Soon after this unpleasantness a man and wife who lived in Georgetown came into notice, and while the man made some money mining his wife did a good stroke of business washing for the boys who paid her a dollar a shirt as laundry fees. As she began to make considerable money the bigger, if not better, half of this couple began to feel quite rich and went off on a drunk, and when his own money was spent he went to his wife for more, but she refused him, and he, in his drunken rage, picked up a gun near by and shot her dead.
All of a sudden the Helms boys and others gathered at the saloon, took drinks all around, and did a good deal of swearing, which was the biggest portion of the proceedings of the meeting; and then they all started off toward town, swearing and yelling as they struggled up the steep mountain side—a pack of reckless, back-woods Missourians who seemed to smell something bloody.
It was near night when they all came back and gathered around the saloon again.
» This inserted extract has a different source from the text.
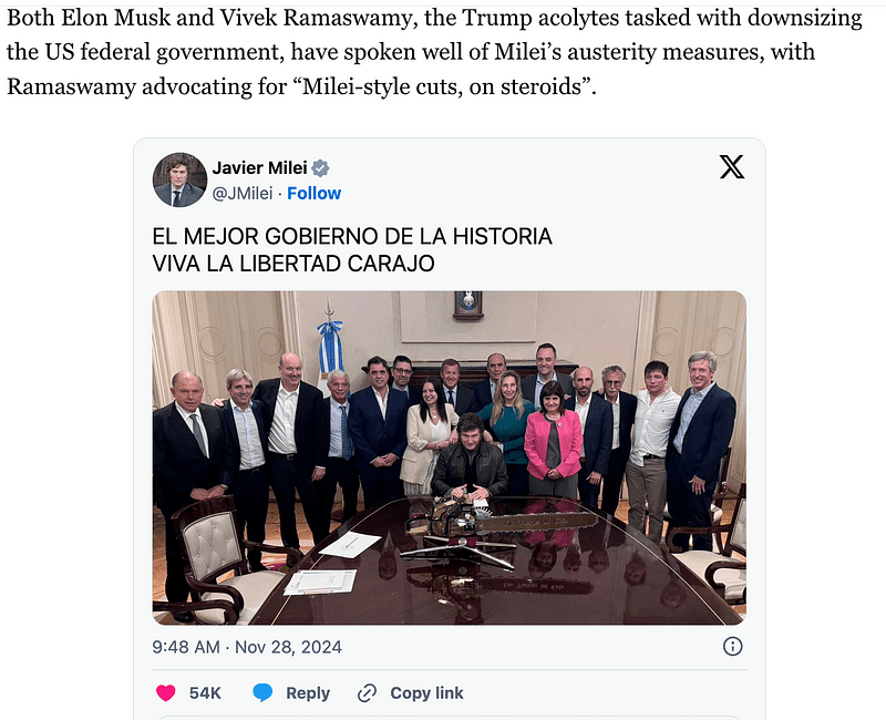 - You mention Argentina’s president (Javier Milei, presumably) as an example of a leader taking extreme austerity measures, and note that he’s receiving praise from figures like Elon Musk.
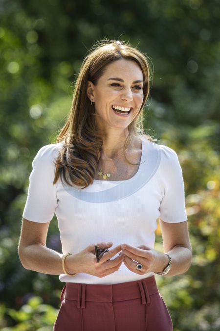 Ksiezna Kate w rozowych spodniach i bialej koszulce

They were all in unusual good humor as they related the adventures of the afternoon, and bragged of their bravery and skill in performing the little job they had just completed, which consisted in taking the murderer out to the first convenient oak tree, and with the assistance of some sailors in handling the ropes, hoisting the fellow from the ground with a noose around his neck, and to the “Heave, yo heave” of the sailor boys, pulling the rope that had been passed over an elevated limb. They watched the suspended body till the last spark of life went out, and then went back to town leaving the corpse hanging for somebody else to cut down and bury. They whooped and yelled at the top of their voices as they came down along the mountain trail, and at the saloon they related to the crowd that had gathered there how they had helped to hang the —— who had killed his wife. They said justice must be done if there was no law, and that no man could kill a woman and live in California. They imagined they were very important individuals, and veritable lords of Creation.